There are a few lines that stood out enough that I was able to remember them even while driving. Both took place early in the book, while Esperanza and her mother are fleeing. First is the comment that Spanish blood meant you didn’t starve. My mother was born and raised in Mexico as a missionary kid, and she used to tell me that there are definite castes in Latin America. Those descended from the Spaniards are essentially white, while those descended from the Native Americans are at best “mestizo,” mixed, and of a lower caste. Racism and Colonialism have left a poisonous residue around the globe…
On a related note is the second line. Esperanza is still struggling to view the lower classes as fully human - she finds them dirty and uncouth - but she sees that an impoverished fellow traveler is generous to the beggars and disabled. She recalls a saying which she hated - and which Miguel points out the non-rich consider truth: “The rich only look after themselves. The poor look after everyone.” (I am paraphrasing - I couldn’t write and drive…) And this is really pretty true, in my experience growing up in a working class neighborhood. One might even say that this is a stereotypical “fault” of the poor - they tend to spread the wealth around. (Think, as one example, of the NBA stars’ tendency to buy stuff for people back in the old neighborhood. This isn’t a way to keep wealth - but it is generous. Are we really sure the one way is the better one?)
As a final point, I want to return to the issue of the Okies. When the dust bowl sent thousands of destitute migrants from the Great Plains to California, it wasn’t as if there were no workers here already. Rather, the field work had been done mostly by other immigrants: from Mexico, the Philippines, China, and other places. But when the Okies came, there was a strong push to eliminate the non-White workers. Then, as now, there were two key facets that drove this. First, the employers needed to keep the different groups fighting each other, so that they wouldn’t band together and demand higher wages and better conditions. In this last election, make no mistake, the point wasn’t that anything will get better for the white working class. (See, for example, the real life effects of the GOP health care disaster plan, which would have harmed Trump voters.) The point was that by directing the ire of working class whites against the brown skinned workers, those who have really gained over the last several decades as a result of depressed wages didn’t have to worry about unions or wage laws cutting into profits. (I’m a conservative-leaning person, and even I can see how transparent this tactic is.) By the way, this tactic has been used whenever there has been an event which led to unrest in the working class. Blame the blacks, the Mexicans, the Chinese, whatever.

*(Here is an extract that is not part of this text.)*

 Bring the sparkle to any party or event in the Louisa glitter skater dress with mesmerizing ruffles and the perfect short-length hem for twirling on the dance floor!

The second point is related: there is an assumption whenever economic conditions lead to unemployment that non-whites should have to give way to whites. The utter lack of empathy for the disruption caused is just astounding to me. I wasn’t raised that way - we understood that all humans have worth - not just the white ones - and it was morally appalling to evict workers from their jobs so that others could have them.

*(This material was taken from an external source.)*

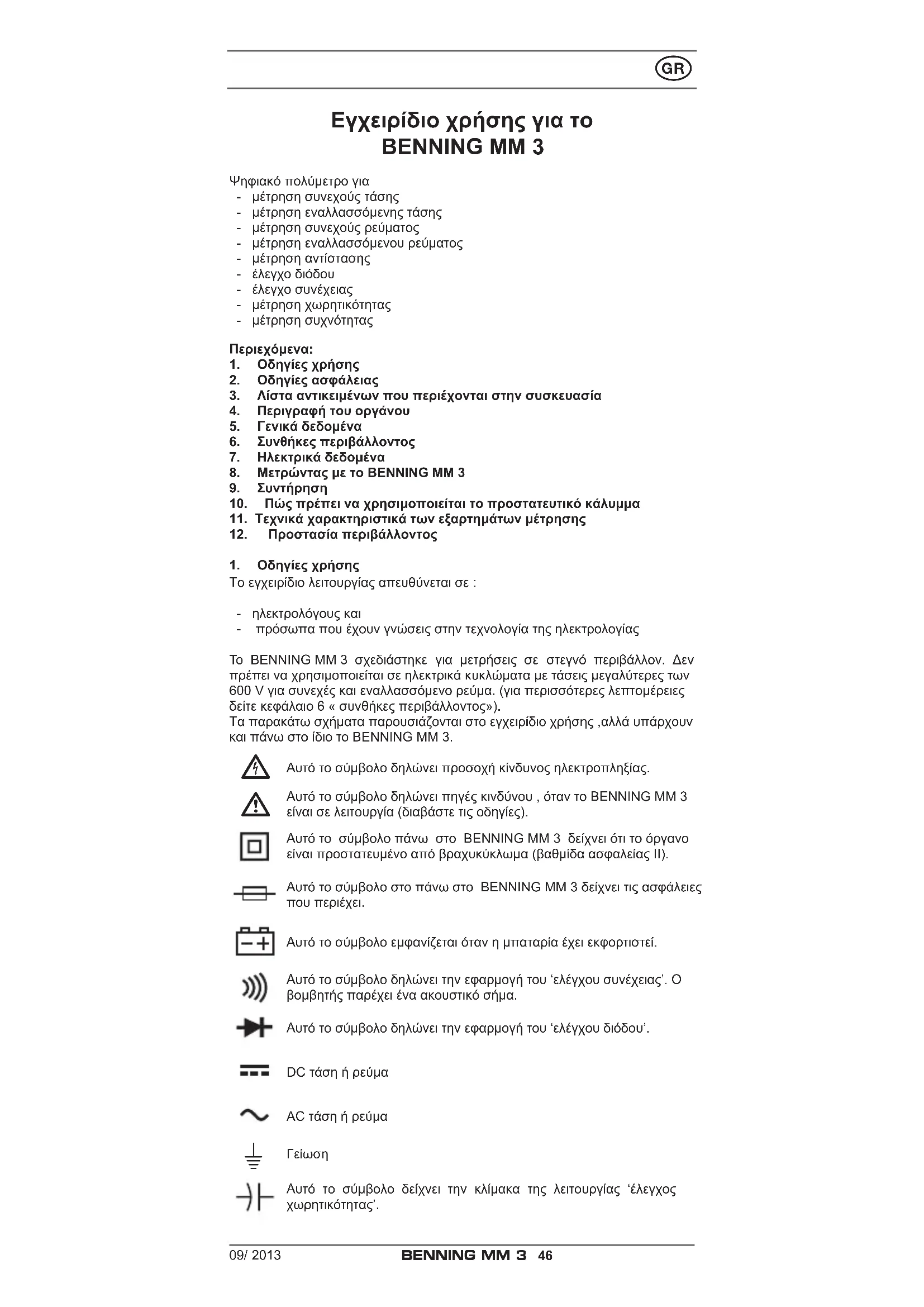 Εγχειρίδιοχρήσηςγιατο BENNING MM 3 Ψηφιακό πολύμετρο για - μέτρηση συνεχούς τάσης - μέτρηση εναλλασσόμενης τάσης - μέτρηση συνεχούς ρεύματος - μέτρηση εναλλασσόμενου ρεύματος - μέτρηση αντίστασης - έλεγχο διόδου - έλεγχο συνέχειας - μέτρηση χωρητικότητας - μέτρηση συχνότητας Περιεχόμενα:

This book was narrated by Trini Alvarado, who did a fine job of capturing the character of Esperanza.
I highly recommend this book, particularly as an antidote to the casual racism and xenophobia sweeping certain groups within our nation. Amid all the dehumanization, casually painting immigrants as “criminals,” “rapists,” and “drug dealers,” it is important to put a human face on, well, human beings. Whether they flee the violence of the drug wars, the grinding of poverty, or just seek a better life for their children, today’s immigrants come here for the very same reasons my ancestors - and probably yours as well - came seeking Life, Liberty and the Pursuit of Happiness. And, as the founder of my religion warned, we turn them away at our eternal peril.